THE DATA.

++++++++++

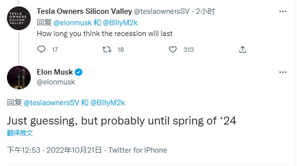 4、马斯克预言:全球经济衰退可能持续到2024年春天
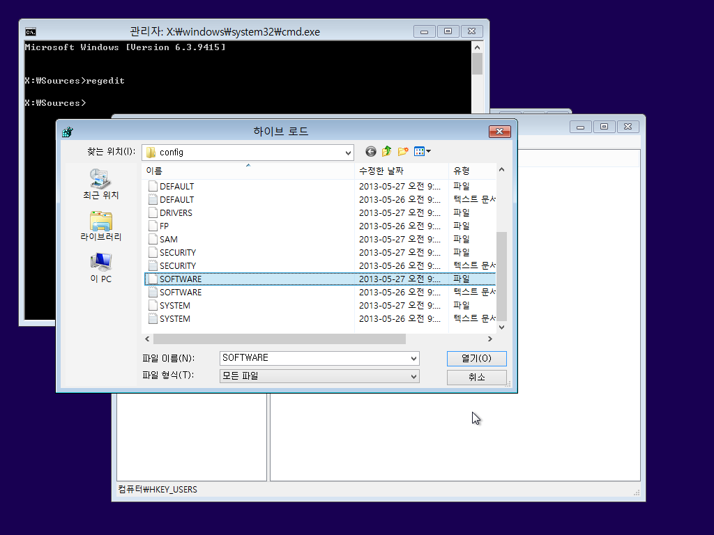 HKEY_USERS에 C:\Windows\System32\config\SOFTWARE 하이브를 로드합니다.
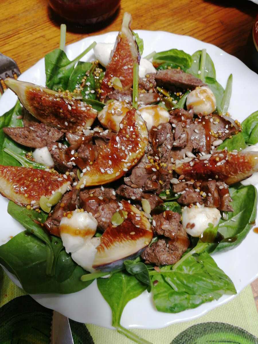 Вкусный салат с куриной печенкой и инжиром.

++++++++++

WORK ITEM. What you give back should be the full material above, retyped exactly, with every image removed.

OUTPUT OF THE TASK.
 4、马斯克预言:全球经济衰退可能持续到2024年春天
 HKEY_USERS에 C:\Windows\System32\config\SOFTWARE 하이브를 로드합니다.
 Вкусный салат с куриной печенкой и инжиром.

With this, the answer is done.